#### ASSIGNMENT:
Please output, exactly and without pictures, the lines from the opening of the listing below through the line containing "The tool has", both included.

#### INPUT FOR THIS TASK:
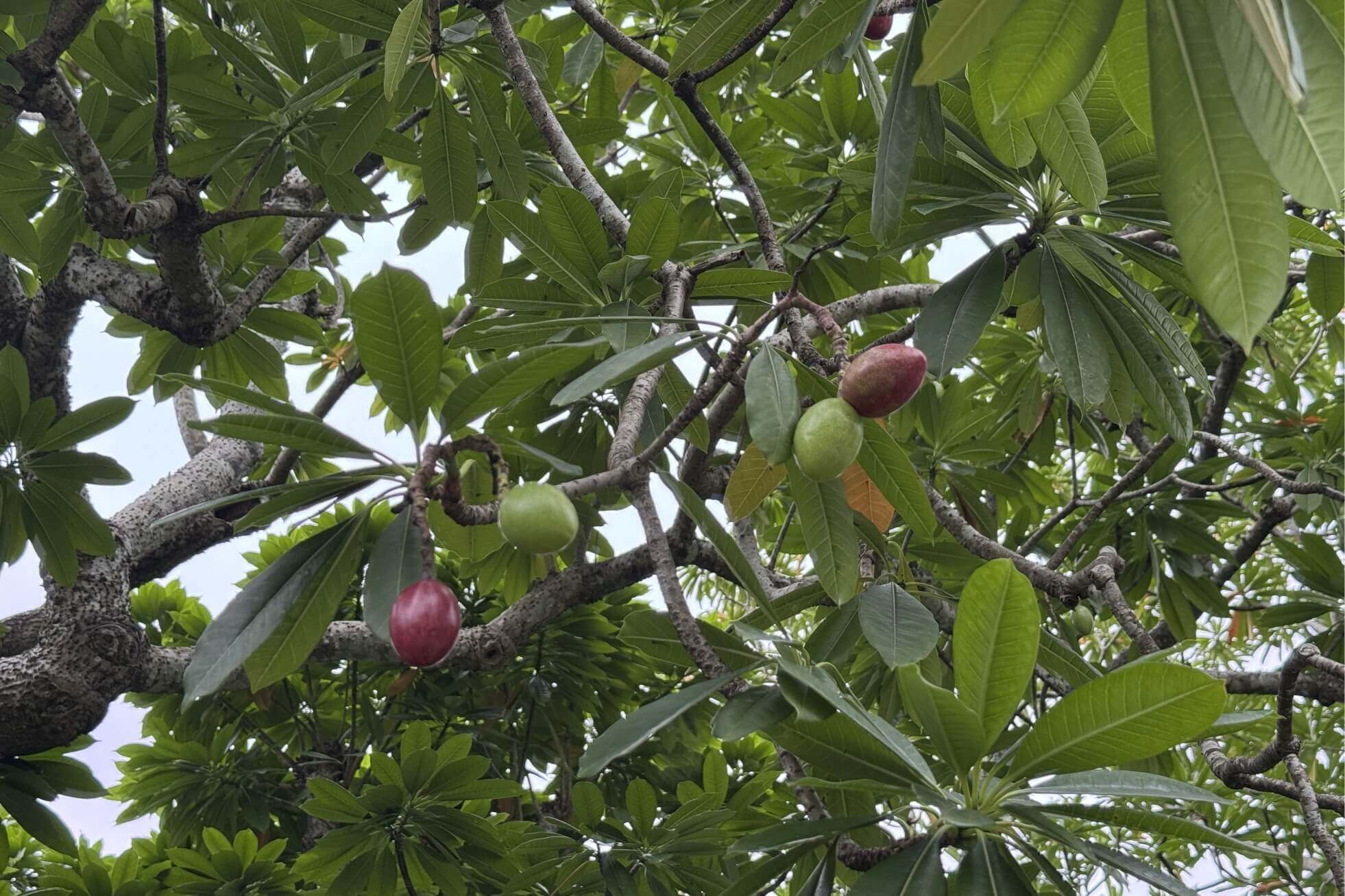 ↓公園內種植了許多樹種,這是樹葉及果實都有毒的海檬果,看起來很可口,樹上卻留著好多果實,想必鳥兒們都很有經驗,將它當作拒絕往來戶。
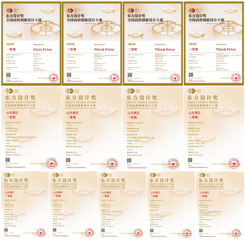 本网讯 近日,东方设计奖·全国高校创新设计大赛获奖名单正式公布。我校美术设计系教师程光熠、申东利、宋艳华、左明、董静、常庆男、刘晓宁指导学生获全国决赛一等奖1项、三等奖3项,山东赛区二等奖2项、三等奖7项。
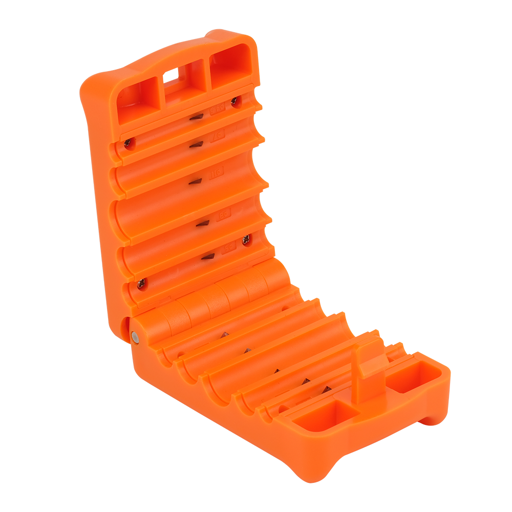 The tool has grooves of different diameters (from 4.5 to 11 mm). Inside each groove there are angled blades at the top and. The tool is used for longitudinal cutting of cable jackets, protective tubes. To make the cut, place a section of cable in a suitable groove, close the tool, and pull the cable through it.
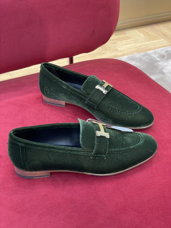 Hermes velvet H-buckle loafersImported velvet fabric, different texture, very niche and special. Exquisite H-shaped buckle decoration, simple atmosphere, full of high-end sense. The lining is lambskin, the sole is imported cow leather from Italy, and the front piece is made of injection molding rubber. Sizes: 35-41
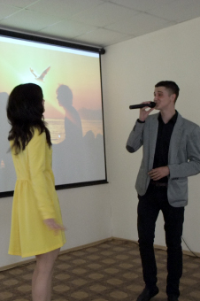 Пришли поздравить медсестер и студенты ММК №4 Кристина Секера и Александр Марчук, ребята с августа 2014 года пополнят ряды молодых специалистов ГКБ № 52. Они выступили с песней "Одноклассники".

#### SOLUTION TO THE PROBLEM:
 ↓公園內種植了許多樹種,這是樹葉及果實都有毒的海檬果,看起來很可口,樹上卻留著好多果實,想必鳥兒們都很有經驗,將它當作拒絕往來戶。
 本网讯 近日,东方设计奖·全国高校创新设计大赛获奖名单正式公布。我校美术设计系教师程光熠、申东利、宋艳华、左明、董静、常庆男、刘晓宁指导学生获全国决赛一等奖1项、三等奖3项,山东赛区二等奖2项、三等奖7项。
 The tool has grooves of different diameters (from 4.5 to 11 mm). Inside each groove there are angled blades at the top and. The tool is used for longitudinal cutting of cable jackets, protective tubes. To make the cut, place a section of cable in a suitable groove, close the tool, and pull the cable through it.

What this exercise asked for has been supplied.